A market segment is literally just a group of people who have a common identity. That identity might be as generic as “women,” or it might be as specific as “single mothers who have online jobs writing product reviews from home so that they can be present for their children but are worried that they’ll be seen as nonproductive by their potential future dates so they also volunteer at the local dachshund rescue.”

There’s basically an infinite pool of traits that you can mix and match to create a market segment. But if you create your mental market segments by organizing them around fairly common identities used by decently-sized swaths of humanity, you can narrow your focus enough to get a solid boost in effectiveness without losing too much breadth.

For example:

  • What do you do all day? The biggest and most obvious, and the way most people will answer the question “What are you?” She’s a college student, he’s a nutritionist; she’s a K-pop idol, he’s a street magician. A supplementary question that is often relevant is “When do you do it?” The reason being is because people who work the graveyard shift have some traits in common, even if one is at a bottling plant and the other is a forex trader.
  • What’s the last big thing that happened to you? Did you have a kid? Get married? Graduate from college? Get diagnosed with diabetes? Every major change affects most aspects of your life (almost certainly including what you’re looking for in a rental).
  • What do you love doing? Some people don’t do what they love doing all day, but they very much identify with the thing they love doing. Maybe they’re HUGE Harry Potter fans, maybe they have a ’68 Charger they’ve been slowly rebuilding since they were 17, or maybe they religiously spend a few hours every day running a guild on a massive multiplayer online role-playing game.

The only things you have to avoid when you’re defining your market segments are the things that the Fair Housing Act makes it illegal to define by.

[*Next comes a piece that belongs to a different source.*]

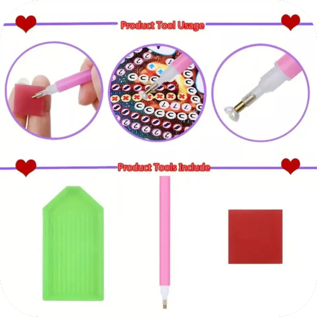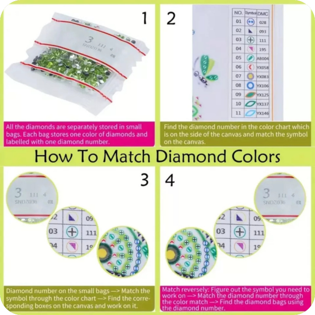 The kit comes with a diamond painting tool that allows you to complete 8 coasters. Find the rhinestones you need according to the numbers/letters on the coaster (the corresponding numbers/letters are marked on the bag) and start making.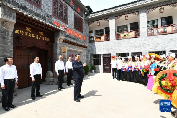 2021年9月13日至14日,习近平总书记来到陕西省榆林市绥德县非物质文化遗产陈列馆考察。陈列馆外,正在进行陕北秧歌表演。习近平总书记指出,绥德是黄土文化的重要发源地之一,非物质文化遗产资源丰富,孕育发展了优秀民间艺术,展现了陕北人民的热情、质朴、豪迈。民间艺术是中华民族的宝贵财富,保护好、传承好、利用好老祖宗留下来的这些宝贝,对延续历史文脉、建设社会主义文化强国具有重要意义。要坚持以社会主义核心价值观为引领,坚持创造性转化、创新性发展,找到传统文化和现代生活的连接点,不断满足人民日益增长的美好生活需要。

Specifically, you are not allowed to discriminate based on:

  • Age
  • Race, color, or nation of origin
  • Religion or creed
  • Marriage, pregnancy, or children

Just remember not to target too narrowly, because while you certainly can write an ad that will convince your friend Jake the boar hunter/salsa dancer/collector of ‘50s diner memorabilia to move into a house, there’s probably not many people who fit that profile out there.

So, this has all been a fairly abstract thought exercise, but it’s vital to work through the basics so that we can drill down even further next time. Until then!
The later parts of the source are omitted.